= Beginning of Section =

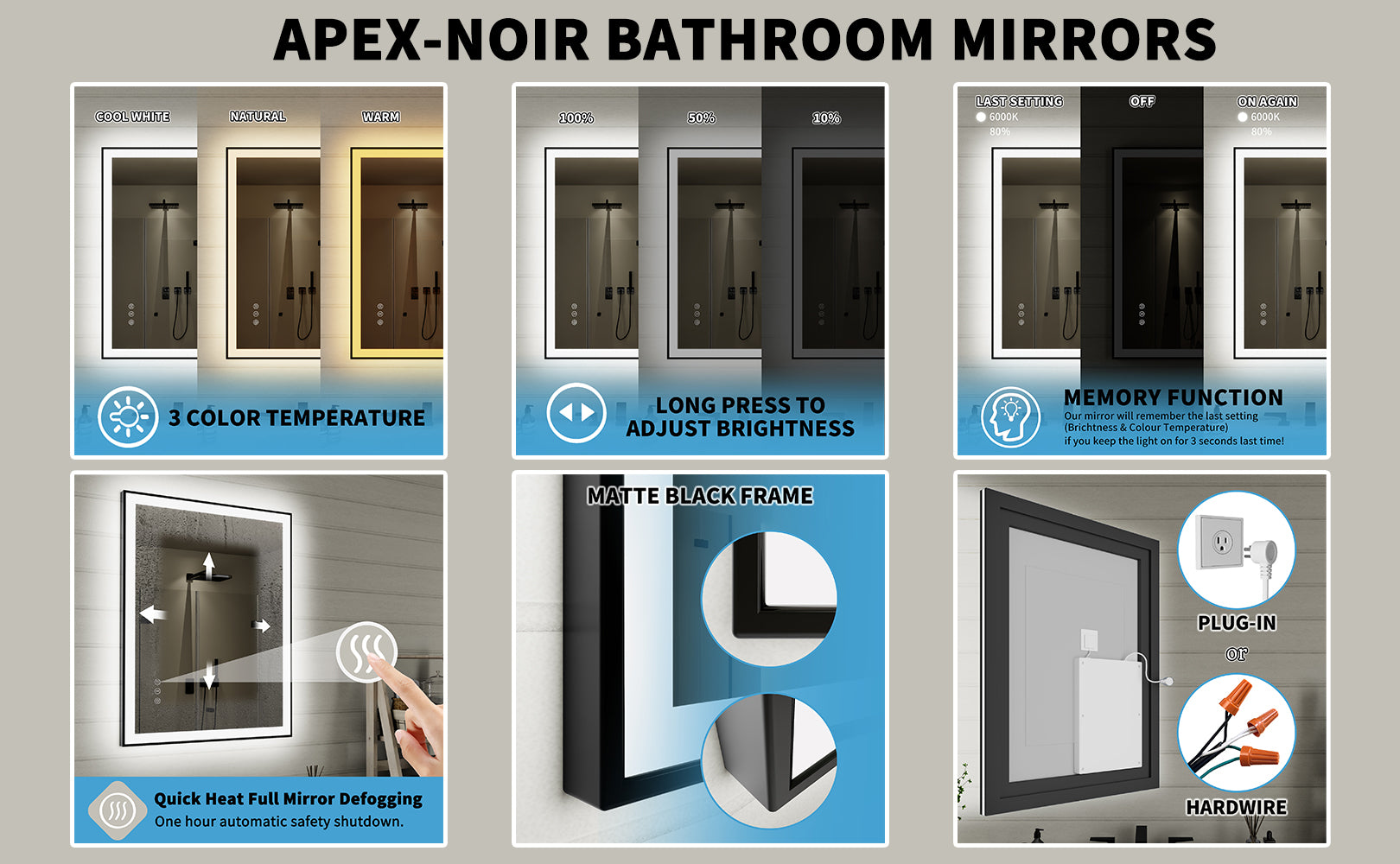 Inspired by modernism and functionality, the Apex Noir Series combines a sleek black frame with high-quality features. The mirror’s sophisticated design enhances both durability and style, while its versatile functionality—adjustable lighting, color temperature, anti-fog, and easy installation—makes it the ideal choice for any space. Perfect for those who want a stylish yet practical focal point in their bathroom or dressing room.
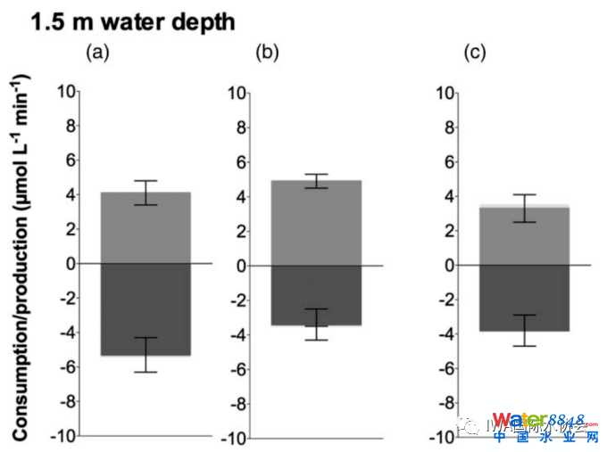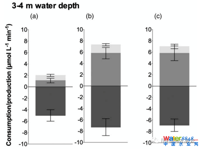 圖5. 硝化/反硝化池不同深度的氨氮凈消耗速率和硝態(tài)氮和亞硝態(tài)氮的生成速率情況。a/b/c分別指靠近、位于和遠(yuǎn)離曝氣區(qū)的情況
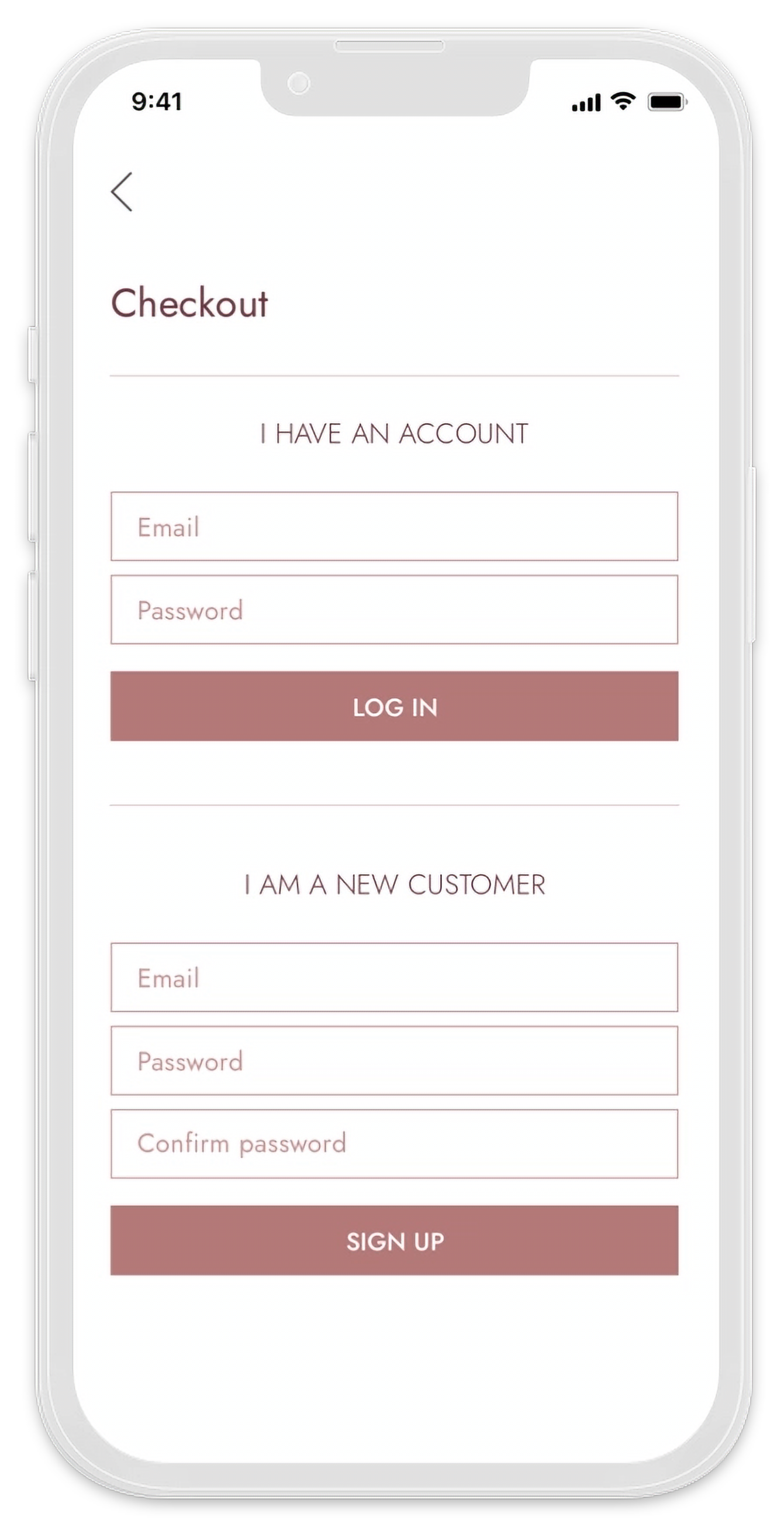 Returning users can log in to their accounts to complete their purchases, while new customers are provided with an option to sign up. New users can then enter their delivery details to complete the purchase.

= End of Section =

▶ **What you have to do**
Write out the material above exactly, and omit the pictures it holds.

▶ **Result below**
 Inspired by modernism and functionality, the Apex Noir Series combines a sleek black frame with high-quality features. The mirror’s sophisticated design enhances both durability and style, while its versatile functionality—adjustable lighting, color temperature, anti-fog, and easy installation—makes it the ideal choice for any space. Perfect for those who want a stylish yet practical focal point in their bathroom or dressing room.
 圖5. 硝化/反硝化池不同深度的氨氮凈消耗速率和硝態(tài)氮和亞硝態(tài)氮的生成速率情況。a/b/c分別指靠近、位于和遠(yuǎn)離曝氣區(qū)的情況
 Returning users can log in to their accounts to complete their purchases, while new customers are provided with an option to sign up. New users can then enter their delivery details to complete the purchase.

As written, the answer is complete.